The Americans With Disabilities Act
The ADA prohibits discrimination against individuals with disabilities by private employers, among other protections.1 With respect to private employers, individuals are protected from discrimination in hiring, employees are entitled to reasonable accommodation(s) for their disability at their request, and employers are prohibited from taking “adverse actions” against employees solely on the basis of their disability.2 Adverse actions include (1) failing to hire an applicant because of their disability; (2) failing to promote an employee because of their disability; (3) failing to provide a disabled employee with a requested accommodation; (4) use of an employment standard that has the effect of discriminating against individuals with disabilities and (5) terminating an employee because of their disability.3 The ADA is enforced by the EEOC and federal courts.

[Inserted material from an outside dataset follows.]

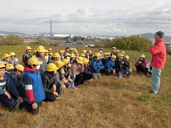 青塚古墳では、古墳の造りや出土した物などについて詳しく説明していただき、実際に古墳に上がらせていただくという貴重な体験もできました。子ども達は、歴史ある物を守っていくことの大切さを感じていたようです。

How COVID-19 Is Protected Under the ADA
Hiring
At the hiring stage, the ADA generally prohibits any disability-related inquiries or medical exams to help prevent discrimination.4 Employers are able to screen applicants for symptoms of COVID-19 and take an applicant’s temperature, but only after a conditional offer of employment has been made.5 Additionally, an employer may not postpone a start date or withdraw a job offer simply because the prospective employee is at a higher risk for contracting COVID-19 (e.g., the individual is pregnant or over 65 years of age).6 Conversely, however, an employer may also be able to rescind a job offer to an employee if there is a requirement that the employee start immediately and the individual has COVID-19 or symptoms of COVID-19 and cannot safely be in the workplace.7
Medical Inquiries
Unlike other disabilities protected by the ADA, employers have more flexibility with respect to medical inquiries about an employee’s COVID-19 status. For example, an employer may request an employee who is out sick to confirm whether they are experiencing symptoms of COVID-19 in order to protect other employees.8 Further, employers may also require an individual employee to take a COVID-19 screening or test, particularly if the employer is requiring the screening and/or test in accordance with Centers for Disease Control and Prevention (CDC) guidance.9 However, as discussed below, results received from that screening or test must be maintained in a confidential medical file. There is a limit to this flexibility, however, as employers are not permitted to inquire about the COVID-19 status of an employee’s family member.10 Employers can, however, ask their employees whether they have had contact with anyone diagnosed with COVID-19 or who has experienced symptoms of COVID-19.11
The ADA requires that employers maintain medical information provided to them as confidential medical records separate from the employee’s personnel file.12 In light of the COVID-19 pandemic, employers are handling more medical information than they likely have before, including results from COVID-19 tests that employees take on a frequent basis. Therefore, it is imperative that employers familiarize themselves with the ADA’s requirements and set internal controls to ensure that the ADA’s requirements are implemented. In addition to these confidentiality concerns, employers also have to balance their need to report cases of COVID-19 in their workplace in order to ensure the safety of their other workers.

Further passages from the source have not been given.